(Saved entries)
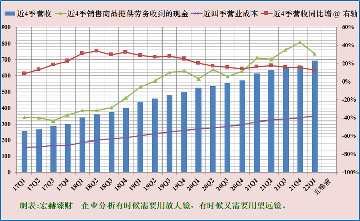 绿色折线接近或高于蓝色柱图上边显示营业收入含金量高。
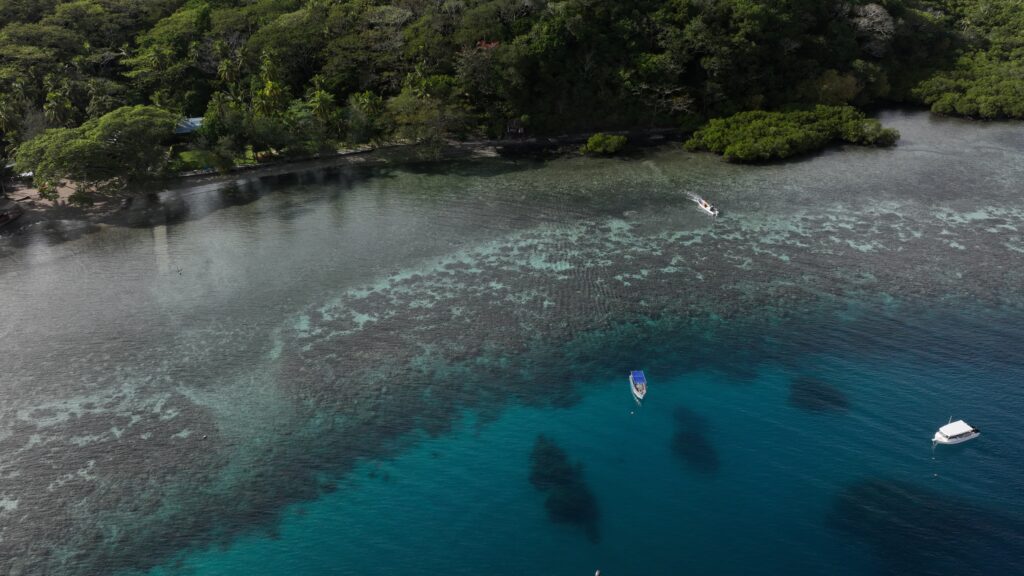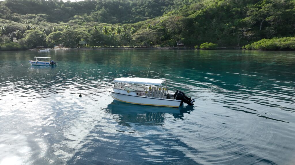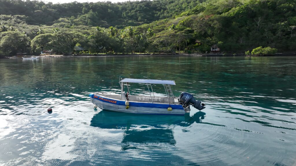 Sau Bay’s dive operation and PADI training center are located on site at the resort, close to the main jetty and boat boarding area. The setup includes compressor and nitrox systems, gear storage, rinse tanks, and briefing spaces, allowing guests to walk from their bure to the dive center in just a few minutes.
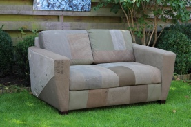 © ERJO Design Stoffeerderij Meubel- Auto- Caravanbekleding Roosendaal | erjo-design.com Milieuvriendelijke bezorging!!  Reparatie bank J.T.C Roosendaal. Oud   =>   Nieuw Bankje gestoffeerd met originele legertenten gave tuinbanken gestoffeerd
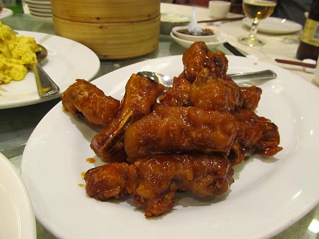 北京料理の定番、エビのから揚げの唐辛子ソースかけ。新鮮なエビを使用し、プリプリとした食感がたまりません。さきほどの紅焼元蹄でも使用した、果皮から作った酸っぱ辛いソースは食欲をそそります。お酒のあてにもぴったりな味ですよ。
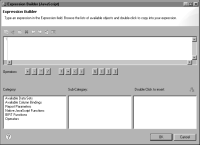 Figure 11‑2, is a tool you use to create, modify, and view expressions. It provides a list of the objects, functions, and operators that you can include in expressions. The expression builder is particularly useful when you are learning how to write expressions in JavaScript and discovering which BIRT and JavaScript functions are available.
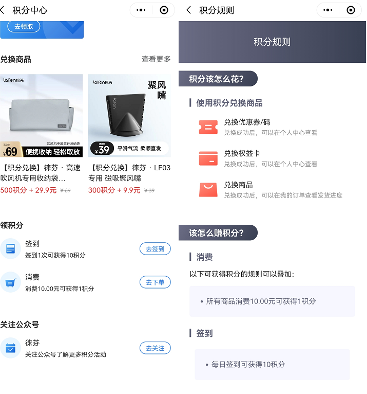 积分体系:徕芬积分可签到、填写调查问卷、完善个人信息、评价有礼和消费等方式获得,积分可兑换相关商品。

▸ Task details:
From the first line of the records through the line with "Sau Bay’s dive", reproduce each line exactly and leave the pictures out.

▸ Task solution:
 绿色折线接近或高于蓝色柱图上边显示营业收入含金量高。
 Sau Bay’s dive operation and PADI training center are located on site at the resort, close to the main jetty and boat boarding area. The setup includes compressor and nitrox systems, gear storage, rinse tanks, and briefing spaces, allowing guests to walk from their bure to the dive center in just a few minutes.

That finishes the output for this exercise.